Summary
1. Language Policy Planning
1.1.
Why. Language as an element of symbolic domination
1.2.
When. Social spheres for language
1.3.
How. Language loyalties and attitudes
2.
Social and Linguistic Loyalties
3.
Linguistic Attitudinal Groups
4. Language Attitudes and
Loyalties in the Community of Valencia
5.
Conclusion
6.
Bibliography
1. Language Policy Planning
The language
policy of the Community of Valencia began, as in other Autonomous Communities, with the
approval of the Act on the Use and Teaching of Valencian in 1983, which promoted the use
of Valencian and the standardisation of the language.
Political
intervention in language must use certain parameters and measuring tools to help evaluate
the actions carried out by public organisations in this field, and it must make use of
analyses in order to discover the best lines for policies.
Our research
focuses on this area: we search for relevant and reliable tools and instruments to improve
the effectiveness of intervention, and to indicate the lines where the scope and direction
of this action will have a bearing on the type of results.
Survey data (1) can be used as a basis for
theoretical hypotheses on languages in contact, and language loyalties and attitudes.

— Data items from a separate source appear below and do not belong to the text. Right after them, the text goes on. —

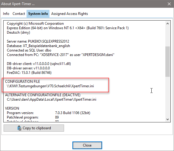 To customize the reports generated by the Xpert-Timer system, you can customize the XpertTimer.ini file accordingly. You can find the path to your xperttimer.ini file in the Project Manager under the menu item "Help" -> About Xpert-Timer -> System Info.
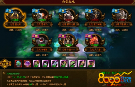 打宝之地每天13点-23点30分开放,进入打宝之地需要打宝之地入场券,每次消耗10张入场券,进入打宝之地后,每分钟会消耗1点体力值,不同的BOSS击杀时也会消耗体力值,体力值消耗完毕将不能继续在打宝之地停留。
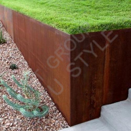 Подпорные стенки применяются для сдерживания обрушения грунта на уклонах местности. Часто декоративную сталь крепят по верх основного сооружения.
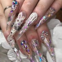 We want to see what you’re wearing on your nails! Char Jones, of Charovski’s, spontaneously created these icy stiletto nails gathering inspiration from the snowy weather and, fellow tech, Gemma…
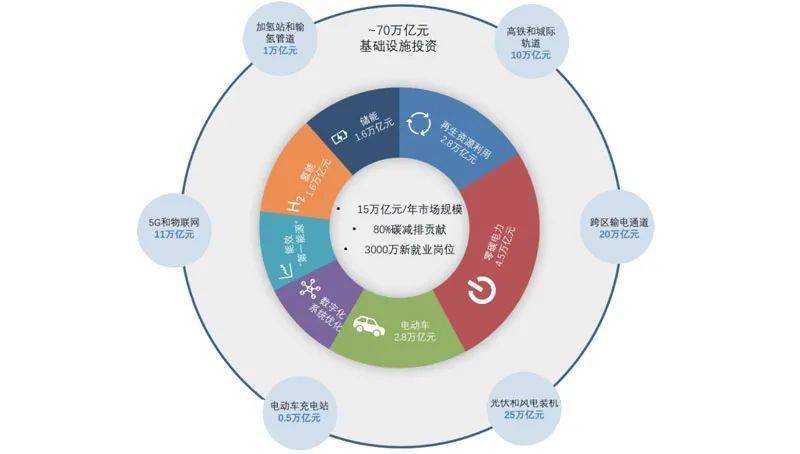 我們預(yù)計(jì)中國(guó)僅在氫能、電動(dòng)汽車、可再生能源、跨區(qū)域輸電、高鐵和城際交通、5G等新能源相關(guān)領(lǐng)域的基礎(chǔ)設(shè)施投資將達(dá)到70萬(wàn)億。短期來(lái)看,由于經(jīng)濟(jì)下行壓力持續(xù)存在,市場(chǎng)主體負(fù)債率普遍較高,國(guó)際金融風(fēng)險(xiǎn)和不確定性增加的大背景下,籌集可用于基礎(chǔ)設(shè)施和處在產(chǎn)業(yè)發(fā)展早期領(lǐng)域的資金將面臨一定挑戰(zhàn)。但從長(zhǎng)期來(lái)看,隨著國(guó)家對(duì)相關(guān)領(lǐng)域扶持力度持續(xù)加大以及全球綠色復(fù)蘇政策的落地實(shí)施,零碳能源資產(chǎn)將迎來(lái)持續(xù)升溫的投資。
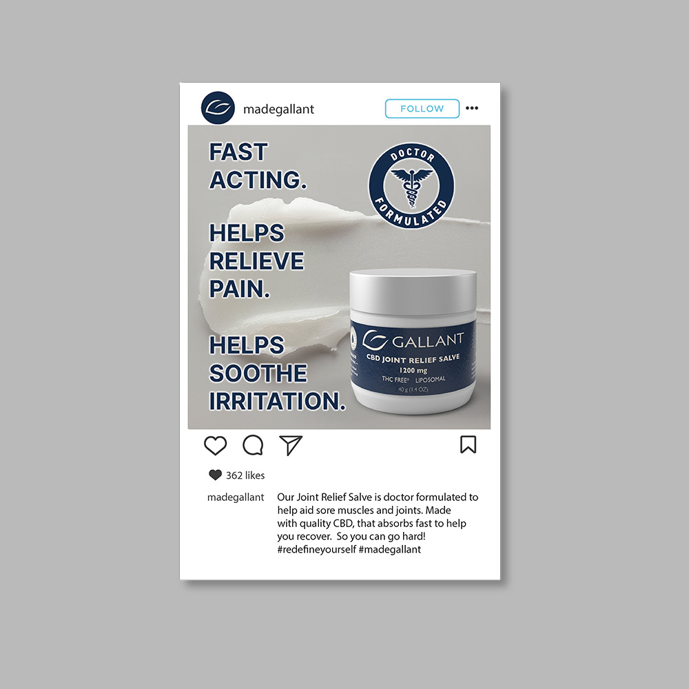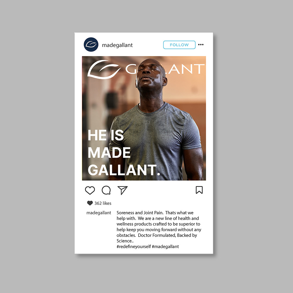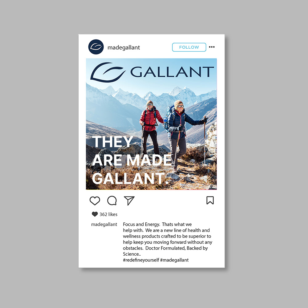 I built Gallant from scratch as a new kind of performance wellness brand, one designed to serve the modern-day warrior. Rooted in science and driven by purpose, Gallant needed to cut through a cluttered category filled with overhyped, underperforming CBD brands. I started with strategy, anchored the brand in the Hero archetype, and developed a full identity system that fused strength, growth, and clarity into every touchpoint.

Thus, with the use of indicators, we can establish or deduce loyalties towards the
language of the Community of Valencia and discover how they are characterised socially.
These loyalties can then be used to establish five types of language attitude (five
groups) through the analysis of conglomerates throughout the territory, taking into
account their internal social structure.
Readers should
see the two earlier studies for a more in-depth and accurate view of the results,
preparation of the data, formation of the language loyalties and groups, their social
composition, and the regression models and structural models that we created.
We will now
move on to explain Why, When, and How language policies are created, in relation to how
they take on meaning, situations prior to language policies, and in terms of the measuring
instruments that we have created, which are based on social structure.

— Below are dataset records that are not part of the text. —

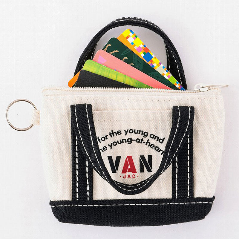 小銭や鍵などの小物、カードや名刺まで入るミニポーチは、遊び心たっぷりなトートバッグデザイン。
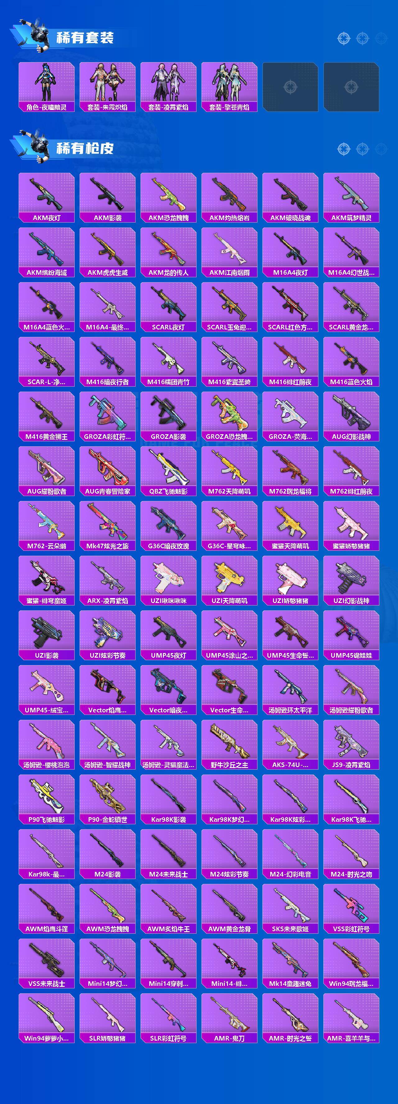 【稀有枪皮】:AKM-夜灯,AKM-影袭,AKM-恐龙拽拽,AKM-江南烟雨,AKM-灼热熔岩,AK
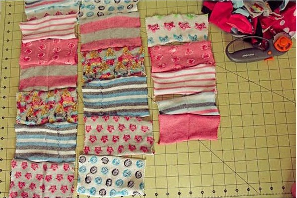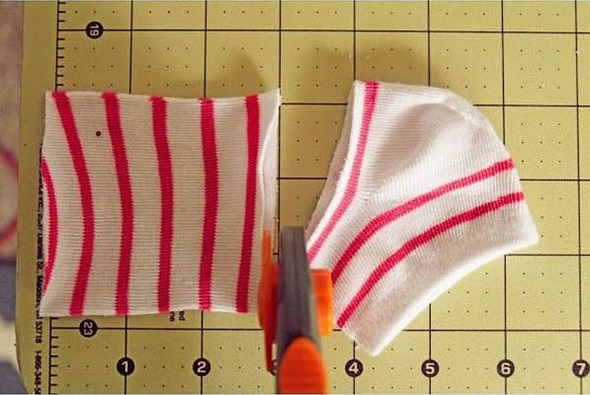 1. Corta los calcetines de tal manera que te quedes con la parte central del mismo,
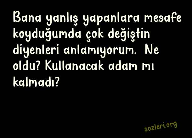 Bana yanlış yapanlara mesafe koyduğumda çok değiştin diyenleri anlamıyorum. Ne oldu? Kullanacak adam mı kalmadı? ( Yanlış Yapanlara Sözler )
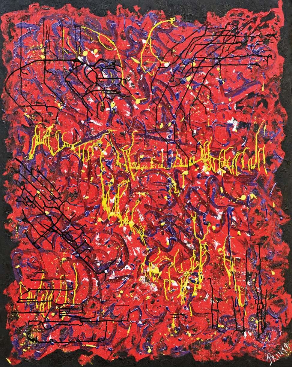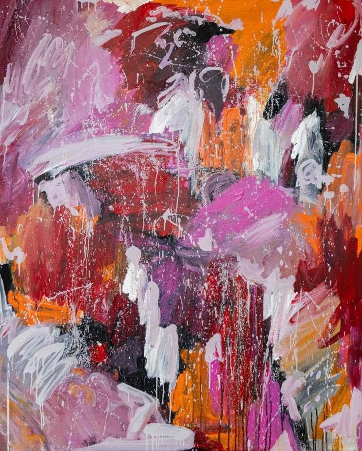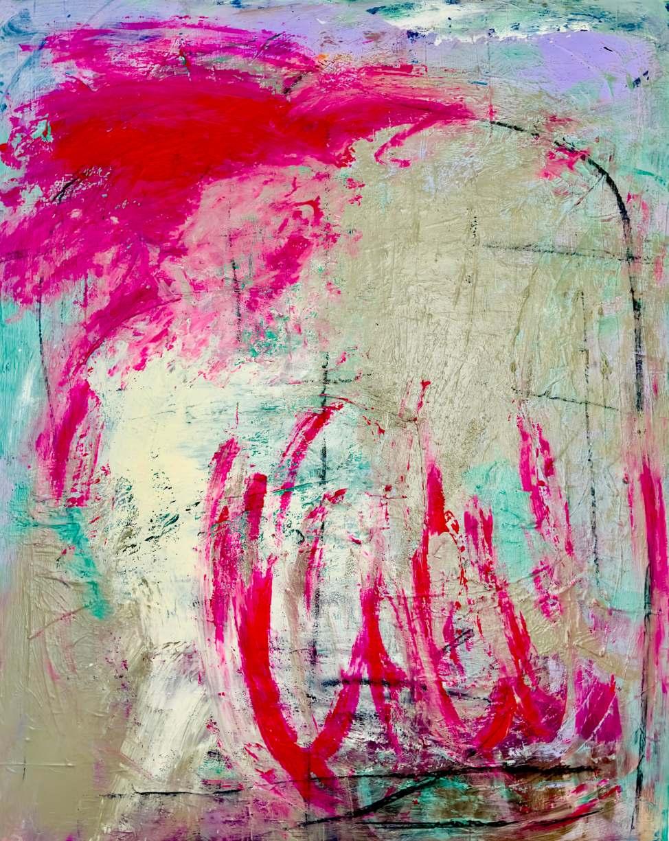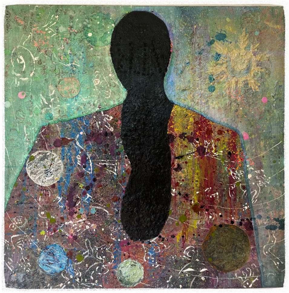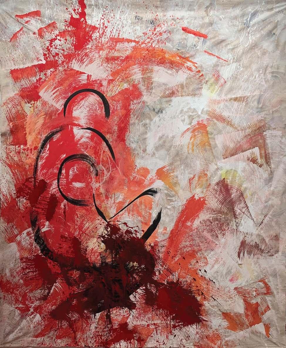 Layering acrylic, oil and ink over symbol and prayer reflects how my art is a process of self-discovery and an ode to life’s journey. Although how I approach the canvas is different every time, it always ends the same. There is a visceral feeling in my body, similar to when I hear a song or a poem that makes me breathe differently. If it feels true for me, I trust that it will be true for at least one other person in the world.
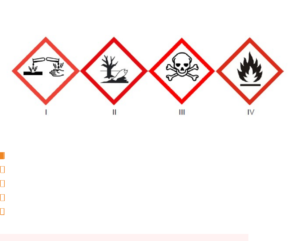 Os pictogramas de perigo são utilizados nos rótulos dos frascos de produtos químicos para que o usuário possa ter condições de identificar os perigos que podem ser gerados por essa substância. Analise os pictogramas numerados abaixo, indique se as afirmativas são verdadeiras (V) ou falsas (F) e assinale a alternativa que apresenta a sequência correta, de cima para baixo. Disponível em: <http://www2.iq.usp.br/iqrecicla/pdv 0705.html>. Acesso em: 23 jan. 2018. ( ) I indica a presença de uma substância corrosiva. ( ) II indica que há peixes mortos no local. ( ) III alerta para o risco de morte que pode ser causado pela substância. ( ) IV indica a presença de fogo. Alternativas A V – F – V – V B V – F – V – F C F – V – V – F D F – V – F – V E V – F – F – V Responder Você errou! Resposta: B
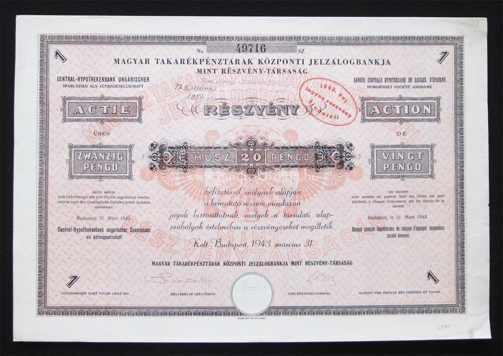 Magyar Takarékpénztárak Központi Jelzálogbankja részvény 20 pengő 1943
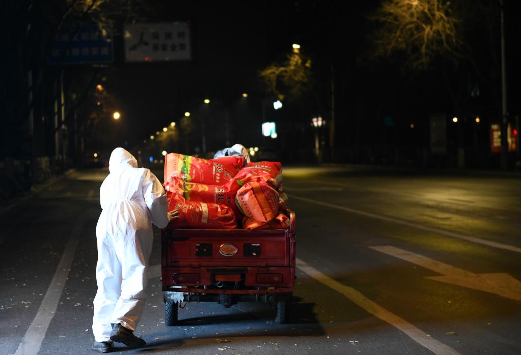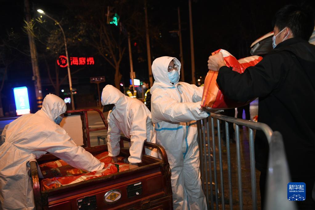 12月22日晚,陕西省石油化工学校工作人员在隔离栏处转运大米。新华社记者 李一博 摄

1.1. Why. Language as an element of symbolic domination
The importance
of language policy planning lies in the idea that language is a central element of human
societies. Far from being arbitrary, this type of intervention promotes ways of
understanding the world insofar as the object of the intervention (language) becomes a
tool of cosmovision and of symbolic domination, reflecting other types of domination.
Rather than
looking at language from an analytical point of view, in terms of syntax or sentence
structure, here we take it as a reference for objectivising our understanding of the
world.
An
individuals cosmovision is mentally encoded and structured by the group of symbols
that is language. We use language to communicate and transmit, to understand the world, to
symbolise what surrounds us and make it our own through socialisation; through language,
we share experiences, we transform the subjective into objective, i.e. we understand it in
a specific way, and not in any another. In short, language mediates the processes of
production and reproduction of social reality. Through language, we objectify the society
that we collectively experience and construct (Berger and Luckmann, 1966).
Since language
shapes our understanding of the world, objectifying it and marking us with it as a form of
identification, of who we are, it is able to reflect changes in socio-economic hierarchy
or structure that occur in society. It does so through changes in linguistic standards
that refer to valuation, specific spheres of use and knowledge about and of language
itself.
Changes in
linguistic standards are based on the hierarchization of relationships and, more
specifically, on the capacity for domination that develops. Economic domination can
crystallise into changes in linguistic standards whereby the dominator (with its
linguistic code) symbolically tries to impose its idea of the world, i.e. the adoption of
a given linguistic standard is the result of mechanisms of symbolic domination acting in
conjunction with other types of domination (e.g. economic, political).